Нет, нет, ясно одно — откладывать нельзя. Итоги нужно подводить постоянно, каждый день, каждый час.
Необходимо смывать с себя всякую грязь, какая бы ни прилипла. Я коммунист и должен быть чистым перед самим собой. Быть чистым перед самим собой — именно в этом нравственная ответственность коммуниста. Именно поэтому мне не избежать исповеди, сколько бы я ни уклонялся от нее, сколько бы ни придумывал извиняющих отговорок.
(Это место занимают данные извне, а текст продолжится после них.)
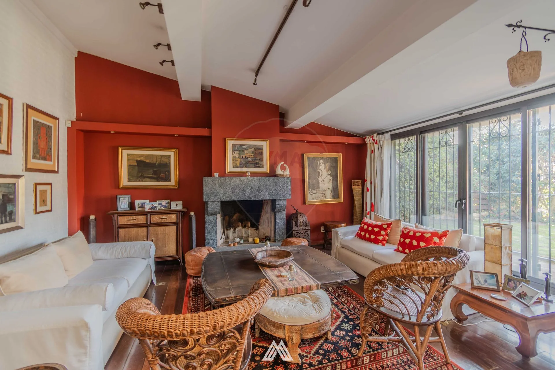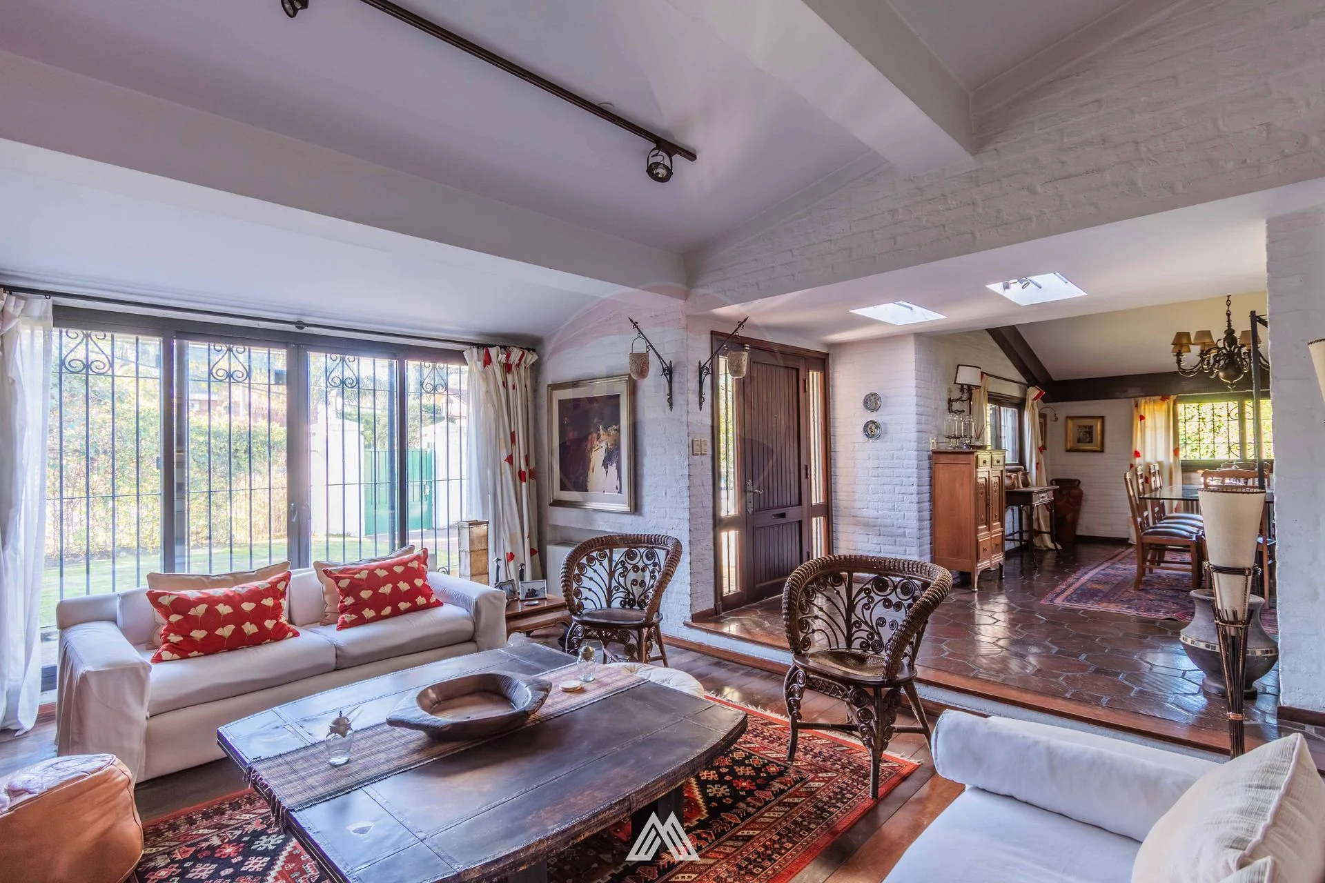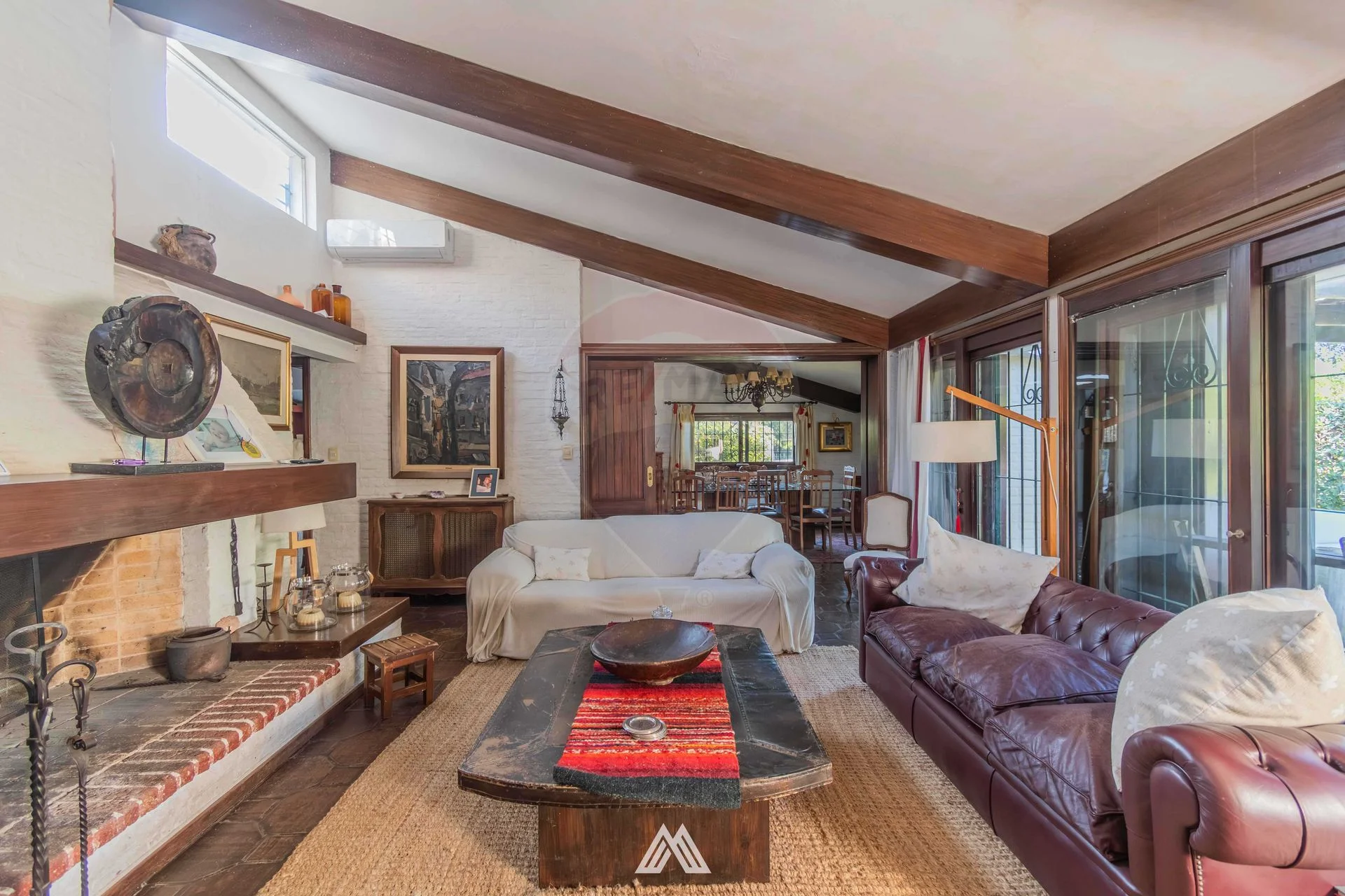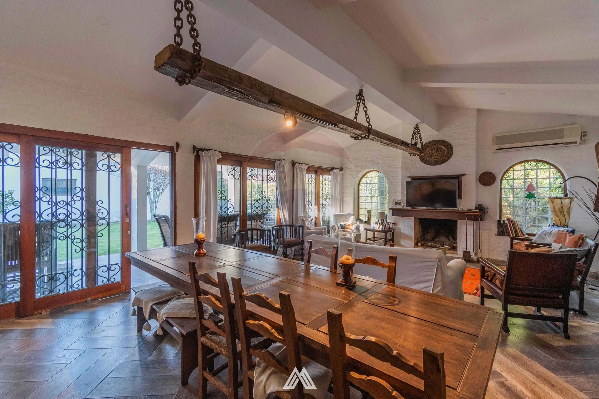 Estar con estufa de leña y aire acondicionado y salida a una pérgola y al jardín.

Итак, она поджидает меня, старая, почерневшая тетрадь, которую я храню со школьной скамьи. Когда я перешел на работу в этот район, то я время от времени делал пометки в старом дневнике: первые шаги на руководящем посту. Нет, нет, не в назидание потомству, а так, для порядка, для души; я отмечал, что уже сделано и что еще нужно сделать. И записывал кое-какие идеи. У меня не бог весть какая память, а тогда я был человек новый, без опыта, я должен был контролировать себя. Порой я перечитывал свои записки — это полезно: ошибки и огрехи становились видны как на ладони. По-своему это чем-то напоминало исповедь. До тех пор… до тех пор, пока я не столкнулся с Эдо. Потом я записывал, не перечитывая. А вскоре перестал и писать. Вполне понятные соображения чуть было не заставили меня сжечь старый дневник. Но я не смог этого сделать. Это было бы похоже на детоубийство. И я спрятал дневник так надежно, что думал — сам забуду, где он находится. О, как я на это надеялся! Но не забыл. Всюду, куда бы я ни переезжал — а за последние двадцать лет я кочевал с места на место очень часто, — на дне чемодана я вез старую тетрадь. Она шла со мной как моя тень, и даже когда я о ней не думал, она была со мной, она жила в моем подсознании. Само собой, дело не в тетради, она служила лишь внешним знаком того, что обычно называют «больной совестью». Потому что Эдо умер. Нет, нет, лично я к этому не причастен, я вовсе не замешан в этой истории. Только меня не было с ним рядом. Рядом со старшим братом и другом, которому я обязан всем — да, да! — жизнью, тем, что я могу работать, быть более или менее полезным людям, я благодарен ему за моих красивых и здоровых детей — короче, за все, за все. Потому что Эдо стоял со мной рядом там, в лагере; когда силы мои были на исходе и у меня не осталось ни малейшей надежды выжить, он стал той рукой, которая вывела меня из мрака. Я никогда не лгал себе больше, чем в тот период, когда старался скрыть правду от самого себя. Но время было такое, что я боялся произнести свое признание вслух. Боялся! Я боялся признаться! Я молчал. И молча предал друга. Я был трусом. Нет, для того, чтобы не откладывать, доводов больше чем достаточно.